Just remember, though, don't try this with your own mail. Let the professional helicopter mailbags handle it!
To find out how long after the mailbag reaches the ground, we need to determine when the height of the mailbag is equal to zero.
Given that the height of the helicopter above the ground is given by the equation h = 3.40t^3, we can substitute the value of h with zero to find the time when the mailbag reaches the ground.
0 = 3.40t^3
To solve for t, we divide both sides of the equation by 3.40:
0/3.40 = (3.40t^3)/3.40
0 = t^3
Since any number raised to the power of 3 is equal to 0 only when the number itself is 0, we can conclude that the mailbag reaches the ground when t = 0.
However, we need to consider when this occurs after 2.05 seconds, which is the time when the mailbag was released.
So, we add 2.05 seconds to the time when the mailbag reaches the ground, which is t = 0.
t = 0 + 2.05
t = 2.05 seconds
Therefore, the mailbag reaches the ground 2.05 seconds after its release.
How high is the chopper after 2.05 s?
call it H
H = 3.4 * 2.05^3 m
Now from that height, it drops something. I assume we're not taking air resistance into account here, or the question would be much longer. I don't know how accurate the measuure your class uses for g, the acceleration due to gravity. Usually it's 9.8 m/s, but sometimes a class uses 10.
So how long does it take to hit the ground from height H?
Interesting point: it depends on whether the chopper is still rising, which, according to the question, it is.
H = ut(m) + 0.5 a t(m) ^2 where u is initial velocity and a is acceleration, and t(m) is the time the mailbag is falling. In this case, a is g, and the initial velocity is opposite to the direction of acceleration, since the chopper is going up while the bag is going down.

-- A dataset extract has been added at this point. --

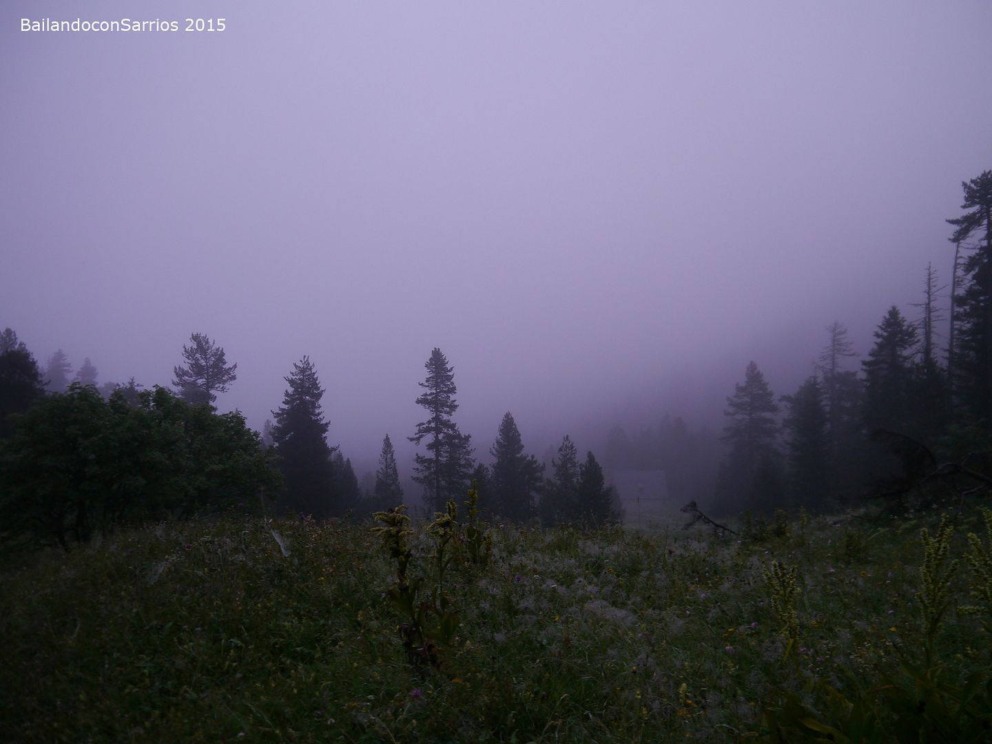La meteo no es favorable, salimos de Bossòst con el cielo cubierto y cuando llegamos al punto de partida junto a la Bòrda de Lacreu está lloviendo ligeramente... hacemos algo de tiempo y a las 06:50 AM por fin nos decidimos a salir, ya que hemos venido, al menos tendremos que intentarlo.

From this, you can work out t(m), the time the mailbag is falling, if you can get u, the upward speed of the helicopter at 2.05 sec.
Is that enough?
oops...the displacement would have to be negative
therefore,
-29.3 = 42.9t + 0.5(-9.8)t^2
solving the quadratic formula:
t=-0.636s or t=9.39s
and the answer is t=9.39s
Sorry, missed your followup earlier.
I get the numbers you do, but something is funny with the question.
h = 3.40t^3
anything with a t^3 term isn't acceleration; it's jerk. Constant jerk, in fact, that would have the chopper well into outer space in 60 seconds! Sorry, I overlooked that earlier. Since it's jerk, its first derivative isn't velocity; you'd have to go to the second derivative to get velocity. Maybe the question didn't expect you to take the upward velocity of the helicopter into account. I don't know.